Given the records below, would you repeat exactly the lines that begin at the one containing "Jersey que combina" and end at the one containing "Discover the ultimate", inclusive?

(INPUT)

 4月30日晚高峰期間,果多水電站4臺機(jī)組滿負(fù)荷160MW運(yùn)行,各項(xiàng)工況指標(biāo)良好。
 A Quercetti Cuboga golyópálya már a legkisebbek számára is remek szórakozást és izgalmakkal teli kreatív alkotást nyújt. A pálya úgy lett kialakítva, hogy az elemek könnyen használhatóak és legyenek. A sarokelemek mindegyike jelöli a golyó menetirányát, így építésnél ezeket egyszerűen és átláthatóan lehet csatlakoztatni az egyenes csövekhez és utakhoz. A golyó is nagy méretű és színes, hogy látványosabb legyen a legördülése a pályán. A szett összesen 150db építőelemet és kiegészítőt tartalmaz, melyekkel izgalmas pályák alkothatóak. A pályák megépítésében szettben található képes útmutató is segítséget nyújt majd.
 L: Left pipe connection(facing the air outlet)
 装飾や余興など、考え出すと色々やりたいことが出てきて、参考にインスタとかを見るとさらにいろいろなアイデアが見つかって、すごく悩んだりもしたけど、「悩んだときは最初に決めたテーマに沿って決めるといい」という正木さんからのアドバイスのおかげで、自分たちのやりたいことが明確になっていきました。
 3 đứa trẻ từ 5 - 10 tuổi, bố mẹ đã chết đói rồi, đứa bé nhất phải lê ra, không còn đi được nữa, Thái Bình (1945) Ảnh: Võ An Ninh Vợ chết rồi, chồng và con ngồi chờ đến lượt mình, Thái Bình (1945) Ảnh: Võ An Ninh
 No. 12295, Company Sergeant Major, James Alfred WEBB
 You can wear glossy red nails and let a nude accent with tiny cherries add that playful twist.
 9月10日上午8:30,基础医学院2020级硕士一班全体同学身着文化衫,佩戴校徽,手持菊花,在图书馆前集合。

(End INPUT)
(INPUT)

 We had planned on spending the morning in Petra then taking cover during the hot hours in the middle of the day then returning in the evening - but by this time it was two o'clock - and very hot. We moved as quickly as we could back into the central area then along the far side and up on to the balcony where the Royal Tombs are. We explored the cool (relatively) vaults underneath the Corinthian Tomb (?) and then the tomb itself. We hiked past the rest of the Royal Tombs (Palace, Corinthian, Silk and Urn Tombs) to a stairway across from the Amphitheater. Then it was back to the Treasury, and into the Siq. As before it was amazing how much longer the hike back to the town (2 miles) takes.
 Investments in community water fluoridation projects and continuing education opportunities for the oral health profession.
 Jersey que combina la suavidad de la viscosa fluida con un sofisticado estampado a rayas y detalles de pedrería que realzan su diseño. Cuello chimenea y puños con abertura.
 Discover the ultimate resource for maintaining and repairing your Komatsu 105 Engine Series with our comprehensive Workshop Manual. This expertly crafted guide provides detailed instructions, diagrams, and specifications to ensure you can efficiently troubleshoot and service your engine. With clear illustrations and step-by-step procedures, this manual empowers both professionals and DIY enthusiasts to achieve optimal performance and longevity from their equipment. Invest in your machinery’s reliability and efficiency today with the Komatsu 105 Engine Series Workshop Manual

(End INPUT)

→ TASK OUTPUT
 Jersey que combina la suavidad de la viscosa fluida con un sofisticado estampado a rayas y detalles de pedrería que realzan su diseño. Cuello chimenea y puños con abertura.
 Discover the ultimate resource for maintaining and repairing your Komatsu 105 Engine Series with our comprehensive Workshop Manual. This expertly crafted guide provides detailed instructions, diagrams, and specifications to ensure you can efficiently troubleshoot and service your engine. With clear illustrations and step-by-step procedures, this manual empowers both professionals and DIY enthusiasts to achieve optimal performance and longevity from their equipment. Invest in your machinery’s reliability and efficiency today with the Komatsu 105 Engine Series Workshop Manual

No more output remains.